I think it would be great to play Santa all year. Not just stopping in the month of December. Giving a gift that will continue to impact and change a life. Making a difference. If that is something that would interest you please go to our website and donate now! Help us continue to be a blessing! 

Thursday, March 7, 2013

I am with you!


My heart just melted a little more. A few of my kids have started to leave the "Mama Lauren" out of the equation. Mami is what is becoming the popular term. The first time I heard it from one of the older girls I thought it was a joke. It was always common among the younger kids, but not the teens. I was used to Mama Lauren. It didn't make me uncomfortable. People on the street said it down to most of our vendors. But Mami... It leaves more room for me to hurt and cause damage. It means more responsibility. It means I have to do more and be more. However, I just realized it is also a formal/permanent part of the family. Family is exactly what we are!

Today, a very precious and special friend lost her husband. As I began to feel helpless and useless because I am so far from her when she needs support the most I guess my countenance began to change. The kids started to notice something was different.

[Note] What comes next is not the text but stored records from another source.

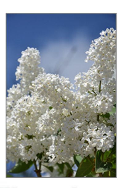
New Age White Lilac flowers

A stunning selection featuring large, fragrant white clusters that emerge in spring; upright, multi-stemmed habit; hardy and mildew resistant; ideal for screening; full sun and well-drained soil, allow room for air movement
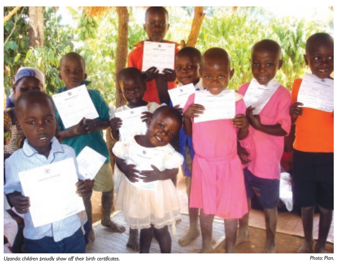
Uganda: children proudly show off their birth certificates.
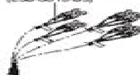
Remote controller * (A70-2083-15)
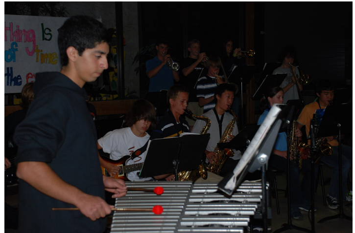
The Emerson Jazz Band entertains the crowd at Back to School Night.
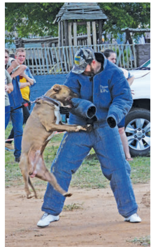
Bene in action.
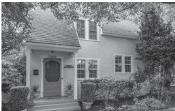
7666 N ALBINA AVE Portland, OR 97217 Sold for $559,000
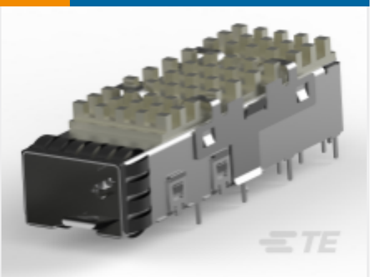
TE Part # 2007193-1 SFP+ 1x1 Cage Assembly, PCI, S
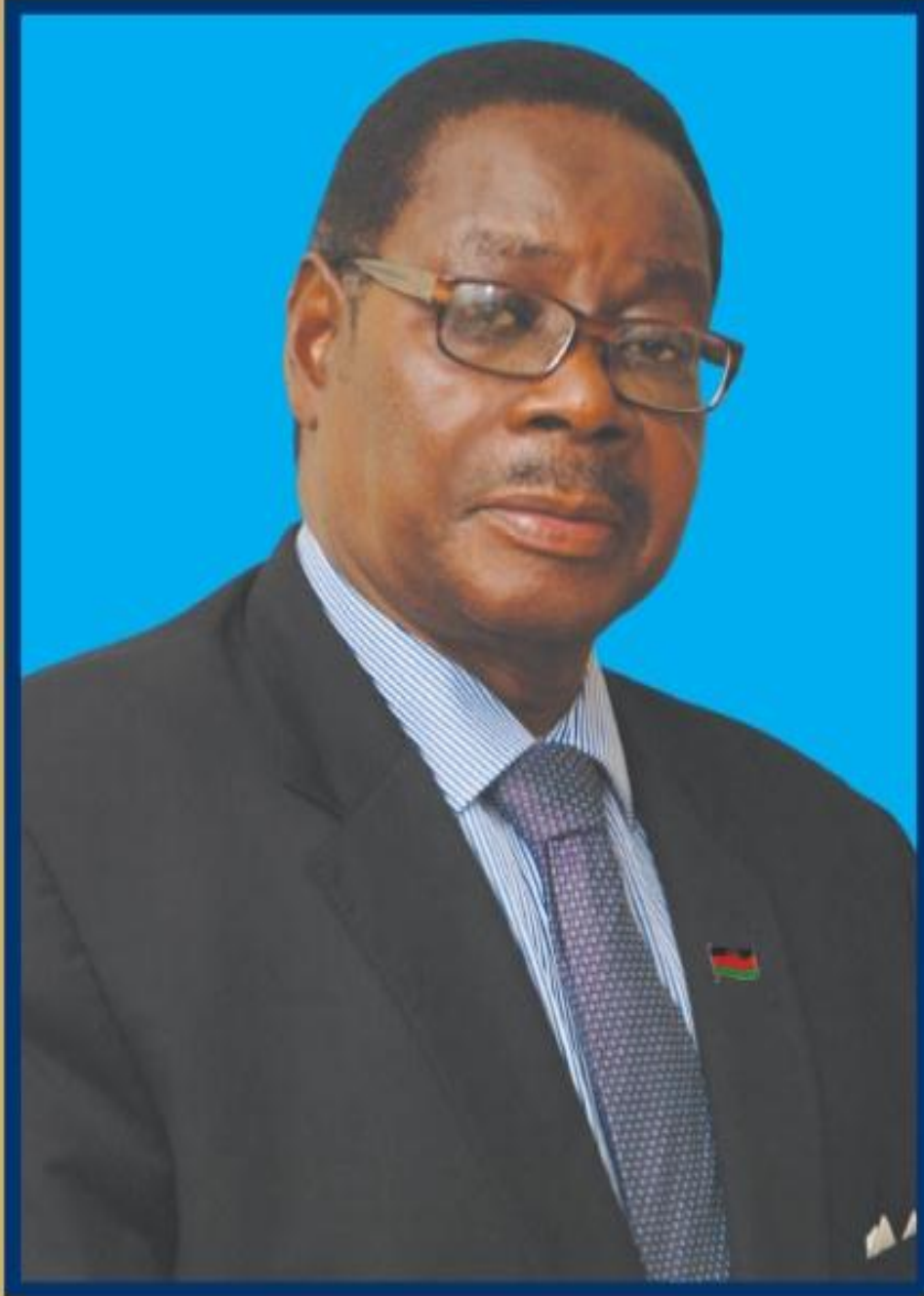
HIS EXCELLENCY PROF. ARTHUR PETER MUTHARIKA PRESIDENT OF THE REPUBLIC OF MALAWI
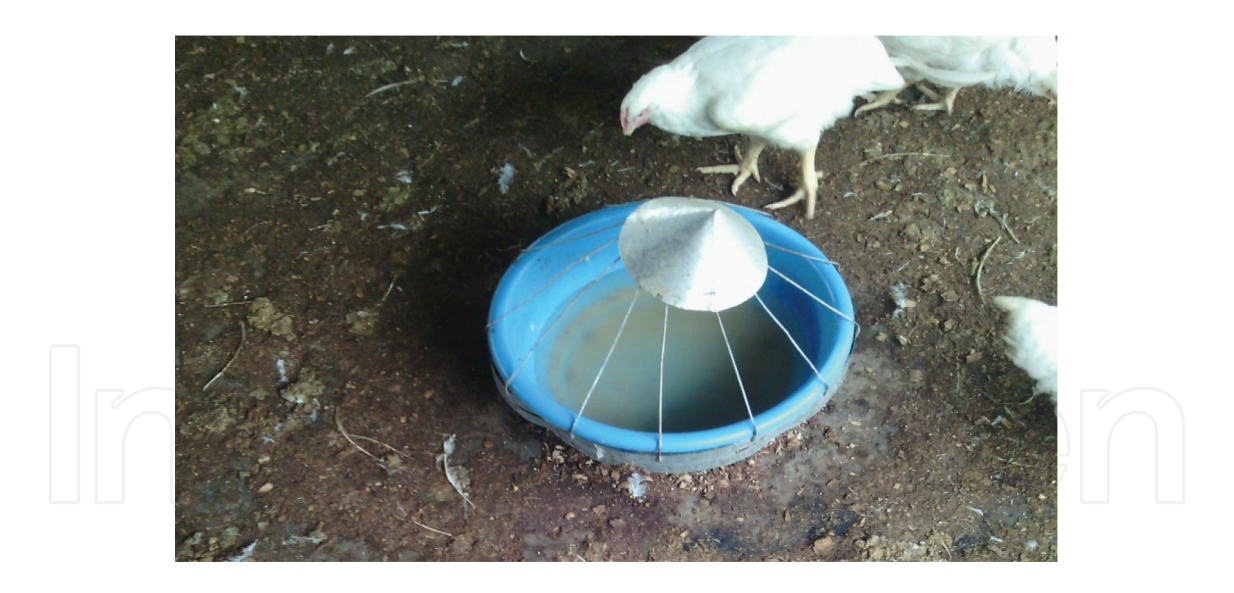
Plate IV. Inadequate and poorly managed litter around a drinker in Zaria, Nigeria.
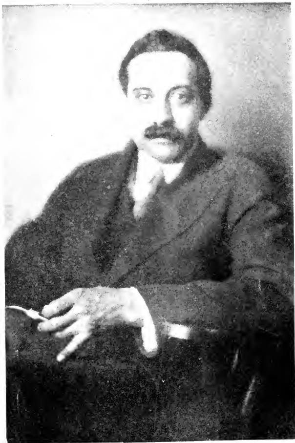
WILLIAM STANLEY BRAITHWAITE
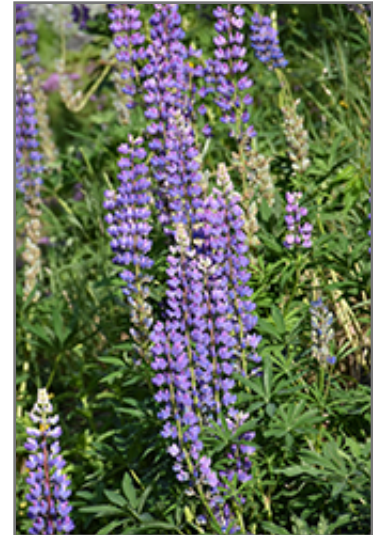
Wild Lupine flowers

A valued native variety producing spikes of eye catching flowers of blue-violet; a tremendous visual impact massed in the garden, border plantings or in containers
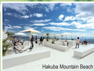
Hakuba Mountain Beach
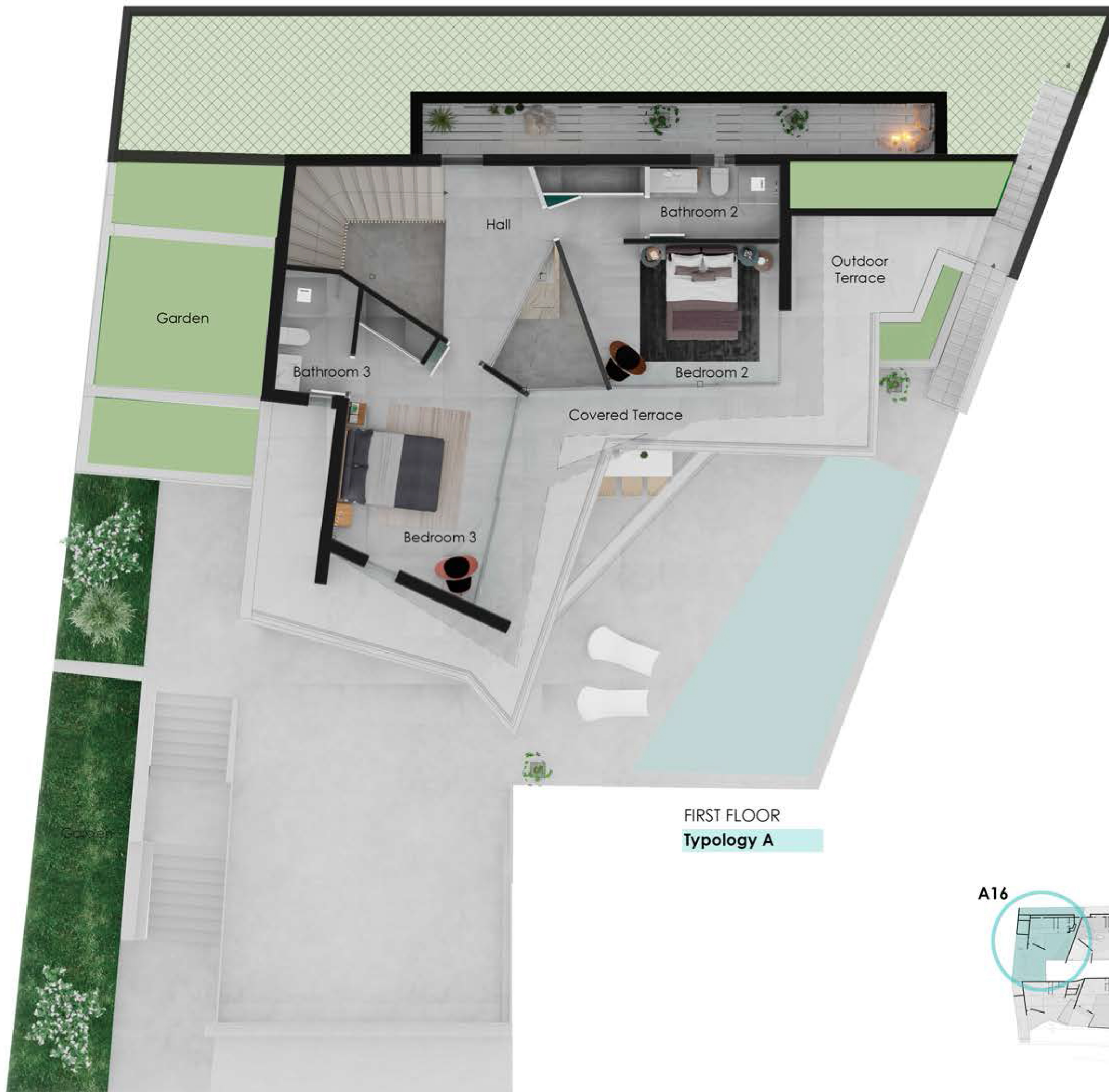
FIRST FLOOR Typology A

One of them quickly became my shadow and grasped my hand following me every where I went. I was trying not to inform them of my thoughts at the moment. In my mind too much still needed to be completed and I did not have time for the distraction or emotional break downs.

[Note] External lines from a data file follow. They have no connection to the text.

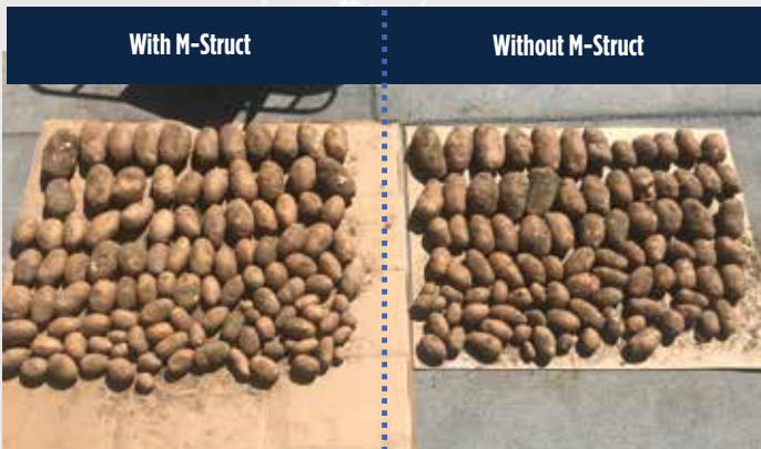
M-Struct: 114 potatoes, 55 lbs

Data collected comparing treatments with varying M-Struct and phosphorus rates as compared to Regional Standards; applied in furrow and deep banded.
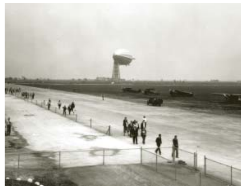
People, airplanes and the R.100 at Saint-Hubert, Québec August 1930

In 1935, a plan for a national airline was being considered by Bennett's government. However, a fall election brought the Liberals back to power and Prime Minister William Lyon Mackenzie King put the transportation portfolio into the hands of Clarence Decatur Howe.
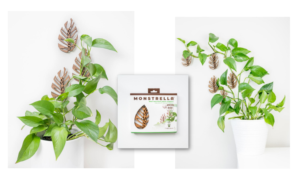
SET OF 3 SET OF 5
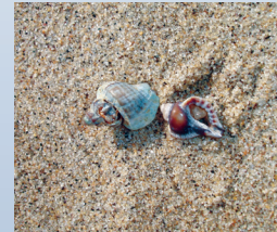
Oyster Drill ( Urosalpinx cinerea )
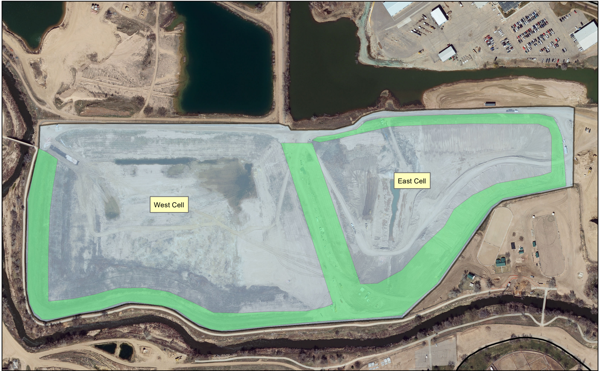
Geisert Pit M-1978-210 2020 Annual Report Site Map
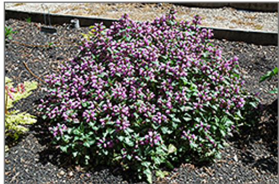
Beacon Silver Spotted Dead Nettle in bloom

Trying to continue to focus on life and the tedious tasks, I broke. A rush of memories came all at once. Thinking of road trips while we were still single. Making iced coffee and never getting
 it "just right". Sleepovers as young adults that involved almost no sleep before getting up to work. Giggle fests and pig outs on nasty food I will no longer touch with a stick. Tears shed from young teen memories, fears, and hurts. Boyfriends, weddings, husbands, children... Even though we are far apart now, the "friend" is never far away. I lost some tears and couldn't hold it back. I wiped them away and tried to move on, but was FEELING the pain and sorrow with my friend and her family.

Then I hear... 

"Mami, if you cry I am with you." 

IMPACT  

It began to flow out before I could think twice. As I began to share the details of my friends loss I found myself surrounded by the girls. One by one they found me and sat at my feet. They showed support and maturity as they began to pray for my friend and her children as they walk through the next chapter in their lives. They were standing in the gap for a woman that they have never met, but I assure you they see pieces of her all around down here. Feeling so helpless, but so blessed in this moment. Resting in knowing that He is there. I was reminded of Isaiah 41:10 as the Bible tells us He is with us. Genesis 28:15 and even in Acts. It is spread far and wide... He is there! 

It doesn't matter what we are facing. Fear, worry, loss, anger, hurt... The list goes on, but the promise is the same. He is there. In the midst of it all! Much like my kids holding my hand and walking through it all with me and just because it is important to me today. He won't leave or hide. He will stay and through it ALL, HE IS THERE! The BEST family we can have is found in Him! Better than a mom that clings to her newborn trying to protect it from harm, He is there.


Isaiah 41:10

So do not fear, for I am with you; do not be dismayed, for I am your God. I will strengthen you and help you; I will uphold you with my righteous right hand.